NaxVax is aiming to develop such a superior adjuvants for a broad spectrum of applications.
"Researchers tried for years to use liposomes as adjuvants, but the simple, standard ones were not very effective. So we looked for new things and created new molecules not existent in nature. They activate the immune system and create antibodies," notes Barenholz. "Unlike other adjuvants that don't work intra-nasally, we found that we can administer our molecules in the form of a nasal spray." NasVax workers take a bottle with liposome adjuvant, squirt it on existing flu vaccine and make it more effective. In animal models, it was shown that an immune response is obtained with only one-third of the conventional dose.
A PERFECT model for testing flu vaccine is in those popular rodent pets called ferrets, which sneeze, get muscular pain and fever and shake when they are intentionally infected with the flu.
NasVax's vaccine has been tested at Retroscreen, a British lab with much experience testing ferrets, and now it has been given to about 100 healthy young people aged 25 to 60, plus some 60 healthy older people in Phase I/IIa clinical trails at Hadassah. In addition, NasVax has launched preclinical studies with anthrax, avian flu and hepatitis B vaccines.
Because liposome-based vaccines have high potency, they can increase the efficacy of various existing antigens, so vaccines may require lower and less-frequent antigen doses. The flu vaccine market by the end of 2007 is expected to be more than $2.5 billion dollars, as the recommended ages for vaccination are expanding to include children up to five.
Barenholz is also in the early stages of working on a vaccine against cancer. "We want to bring an approach of rational design against tumors.
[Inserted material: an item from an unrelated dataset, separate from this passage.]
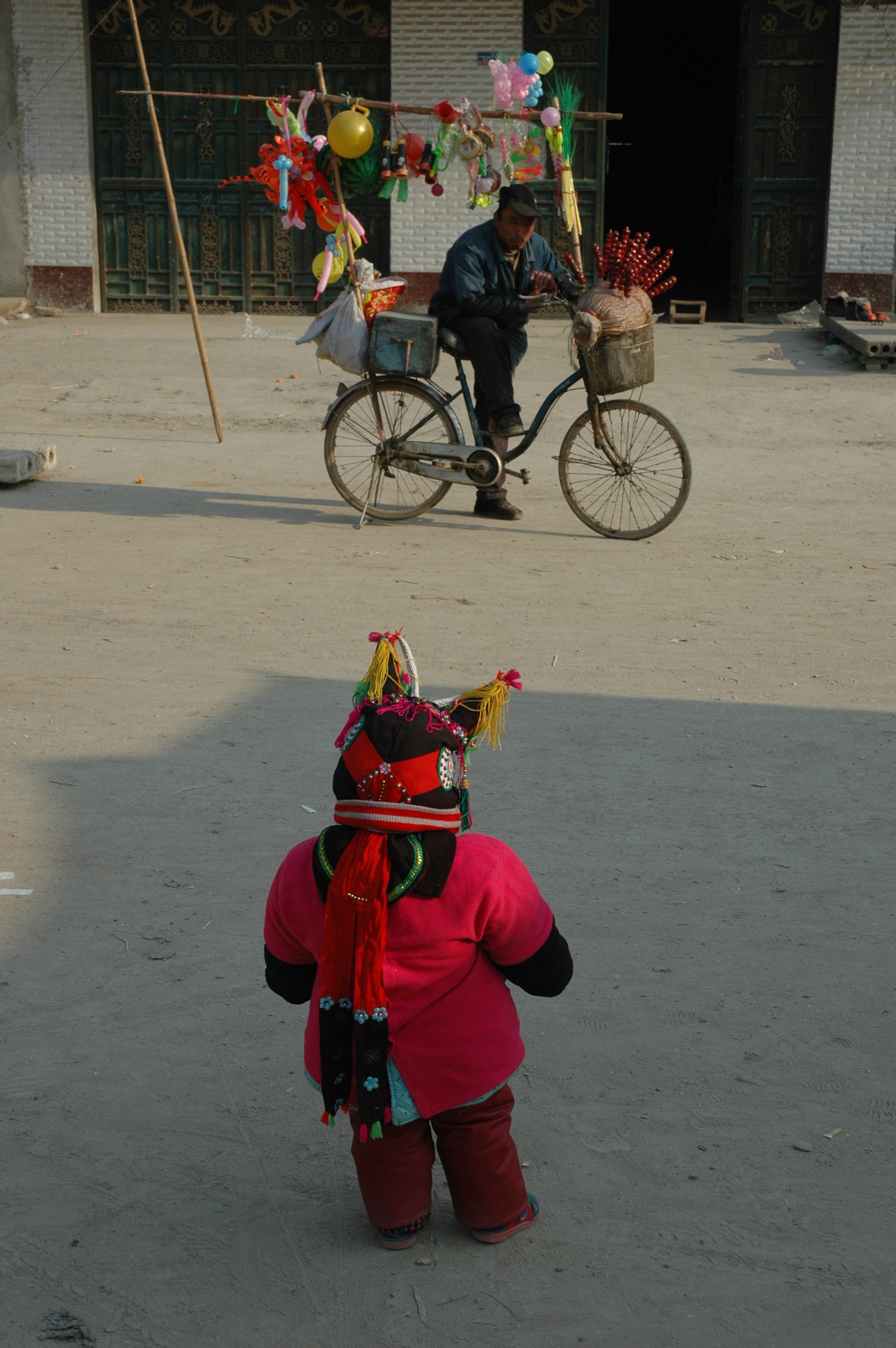 骑着自行车穿乡过村的货郎,货架上插满花红柳绿的拨浪鼓、气球,还有诱人的糖葫芦,引逗得虎头帽娃娃目不转睛。

There have been such failures, especially in the US, but we are working differently, in cooperation with the Weizmann Institute of Science. We are also starting to think about an improved pneumococcal pneumonia vaccine. It's a giant market."
The HU medical school biochemist naturally enjoys the royalties he earns from Doxil, but declares that there are more important things than just money. "It takes a phenomenal amount of motivation to travel the uphill path that leads to something that works. I really enjoy helping people and creating something useful and effective."
In a highly unusual initiative, he created the Barenholz Fund with $1.25 million of the proceeds from his research. The fund allocates prizes for three HU students each year. "I didn't have to, but I want to encourage applied scientific research. While it's hard to know at this stage what practical results will emerge from the program, we have gotten very good feedback."
There is no doubt, Barenholz concludes, that "the state doesn't invest enough money in science, just as it fails to spend enough on health, education and other things. I can't complain, as I have plenty of money for research, but I see what's happening around me. Israelis' cleverness is not declining, and neither is our originality or entrepreneurial spirit, but our ability to compete technologically is.
"We're spread too thin. Any bright young person who graduates from university can get the starting salary of a professor by taking a job in hi-tech or business administration. The Israeli brain drain is not due to salaries but rather to the shortage in opportunities. The state must invest more in infrastructure and equipment."